New York Times Moves to Block AI Training From Published Content, Adds Ban to Terms of Service

The news outlet’s terms of service updated last week to prohibit using its content to train machine learning systems

New York Times
Getty Images

The New York Times has instituted a ban on using its content to train artificial intelligence systems.

In its most recent update to the terms of service on its website, dated Aug. 3, the paper of record now includes a prohibition on the “use the content for the development of any software program, including, but not limited to, training a machine learning or artificial intelligence (AI) system.”

The effort is perhaps in reaction to recent comments from Google that all digital content should be available to mine, unless publishers opt out, by the internet-focused news outlet Search Engine Land reported.

The large language models used by AI engines like OpenAI’s ChatGPT and Google’s Bard “mine” existing content on the internet to learn both facts and the cadence of human language, which then enables the systems to generate content.

The Times’ terms of service also prohibits the use of “robots, spiders, scripts, service, software or any manual or automatic device, tool, or process designed to data mine or scrape the content, data or information from the services, or otherwise use, access, or collect the content, data or information from the Services using automated means.”

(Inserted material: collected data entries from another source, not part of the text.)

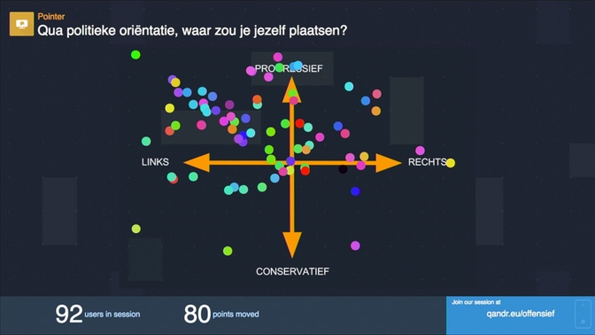 Discussion leader Niesco Dubbelboer used QANDR in several ways to create interaction with the audience of ninety. At the start of the debate the pointer was used to visualise the places of residence of the people in the audience on a map of the Netherlands. Niesco then used the same method to ask the audience to indicate their political orientation inside a quadrant with left-right and progressive-conservative dimensions.
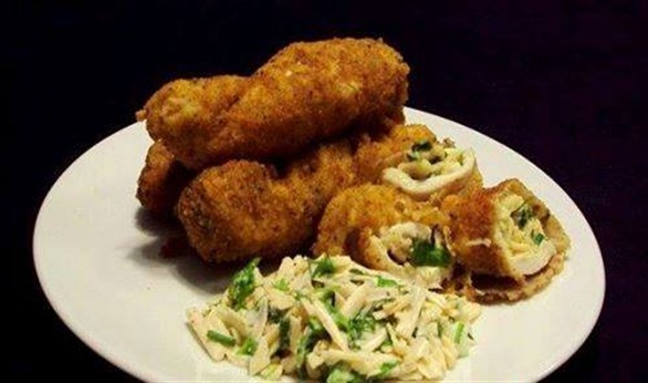 توضع القطع في البيض ثم في البقسماط و تقلي في زيت ساخن .
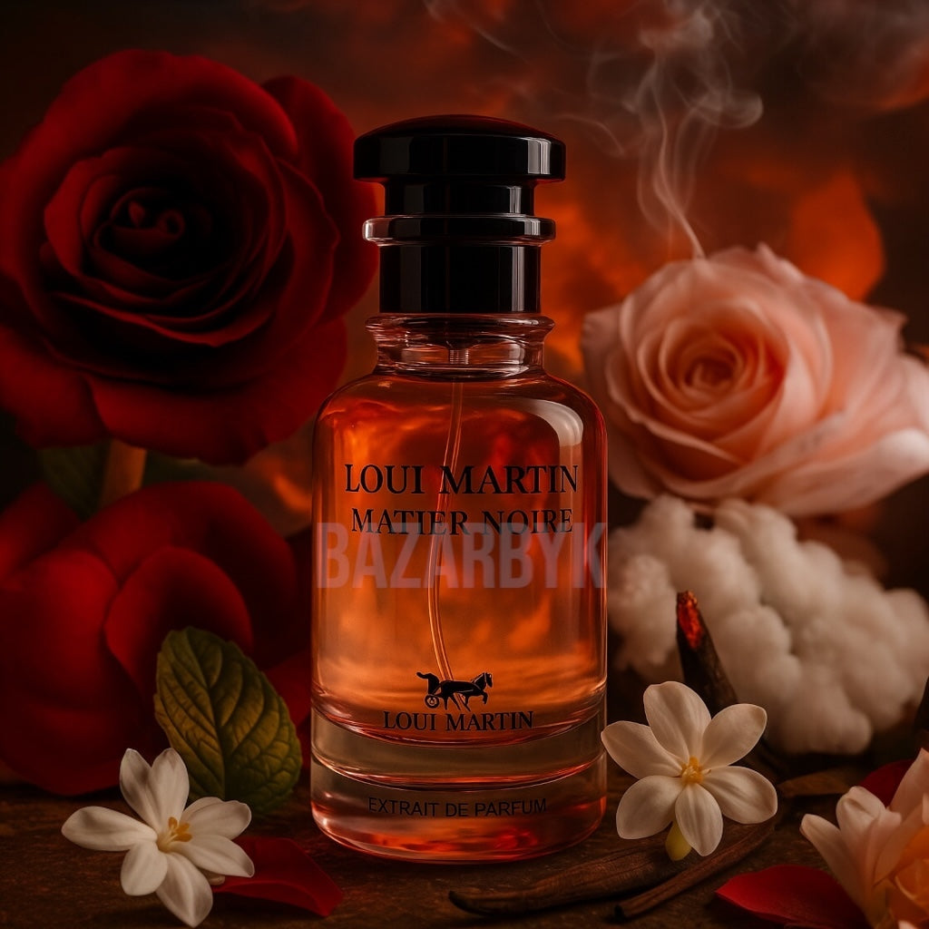 Matière de Loui Martin est une fragrance mystérieuse et élégante. Ce parfum marie la richesse des fleurs profondes à la puissance des bois et de l’encens, pour une signature olfactive sombre, florale et résolument sophistiquée.

Lifting data has become a major issue of contention as the race to ramp up AI offerings accelerates. OpenAI used videos from Google-owned YouTube to train its speech-to-text AI language model Whisper, for instance, while Google used ChatGPT to help train Bard.

While The Times is resisting the use of its content, other news outlets are trying to strike deals to benefit from the rapid expansion of AI.

Last month, The Associated Press, the world’s largest news organization, reached a deal with OpenAI to share access to technology developments and content. The deal is intended give the AP the opportunity to explore generative AI in news products, while licensing part of the AP’s text archive to OpenAI to further train its artificial intelligence products.

The Times signed an agreement with Google in February that will see the companies “work together on tools for content distribution and subscription,” but the announcement mentioned marketing and ad product experimentation, saying nothing about news content.

Representatives of The Times did not immediately respond to a request for comment.